And it was worse at night.

“Lying in bed, I’d have to concentrate on breathing hard to get enough air through to keep me going,” he said.

Aortic stenosis can be a serious problem. As the heart works harder to pump enough blood through the smaller opening in the valve, the heart eventually becomes weak. Over time, that can lead to life-threatening heart problems. In fact, the life expectancy for people with severe, symptomatic aortic stenosis is less than two years.

IMG_9991At Lexington Medical Center in West Columbia, Joe learned about transcatheter aortic valve replacement, known as TAVR. This state-of-the-art cardiovascular technology allows doctors to replace the aortic valve with a catheter instead of performing open heart surgery. Lexington Medical Center began performing TAVR last spring.

Currently, TAVR is only for patients with severe aortic stenosis who are high-risk candidates for open heart surgery because of their age, history of heart disease or other health issues.

Joe, who underwent coronary artery bypass surgery twenty years ago and had stents placed in blocked arteries awhile back, met with a multi-disciplinary team of physicians at Lexington Medical Center who perform TAVR, including cardiologists and cardiovascular surgeons at Lexington Cardiology and Lexington Cardiovascular Surgery. He underwent TAVR at the hospital in October 2014.

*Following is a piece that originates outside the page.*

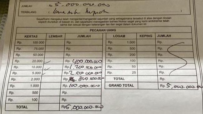 Tanda terima ini juga menunjukkan rincian pecahan uang baru berjumlah fantastis tersebut. Yaitu Rp 400 juta berupa pecahan Rp 20.000, Rp 1,2 miliar pecahan Rp 10.000, Rp 2,5 miliar pecahan Rp 5.000, Rp 800 juta pecahan Rp 2.000, serta Rp 100 juta berupa pecahan Rp 1.000.

Joe spent three days at Lexington Medical Center for the procedure. Immediately after TAVR was complete, he noticed that he could breathe better.

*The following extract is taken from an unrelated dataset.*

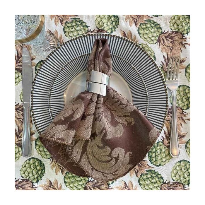 O guardanapo em tecido Jacquard tem uma linda estampa em medalhão e pontas arredondadas. Item fino que traz charme para a hora das refeições.

“The next morning when they came in to check my breathing, they said, ‘Man, you’re moving some air today!”

Betty, who says she’s incredibly thankful that Lexington Medical Center now offers a comprehensive cardiovascular program, has noticed a difference in Joe, too. Before TAVR, she said her husband had trouble working on the farm at all. In fact, he had to hand off much of the work with the cattle to his son. Now, Joe is in the pasture from early morning until late afternoon with no chest pain, shortness of breath or fatigue.

“It’s a whole different life for me,” Joe said. “I can get out and do things again. TAVR is one of the best things I’ve ever done.”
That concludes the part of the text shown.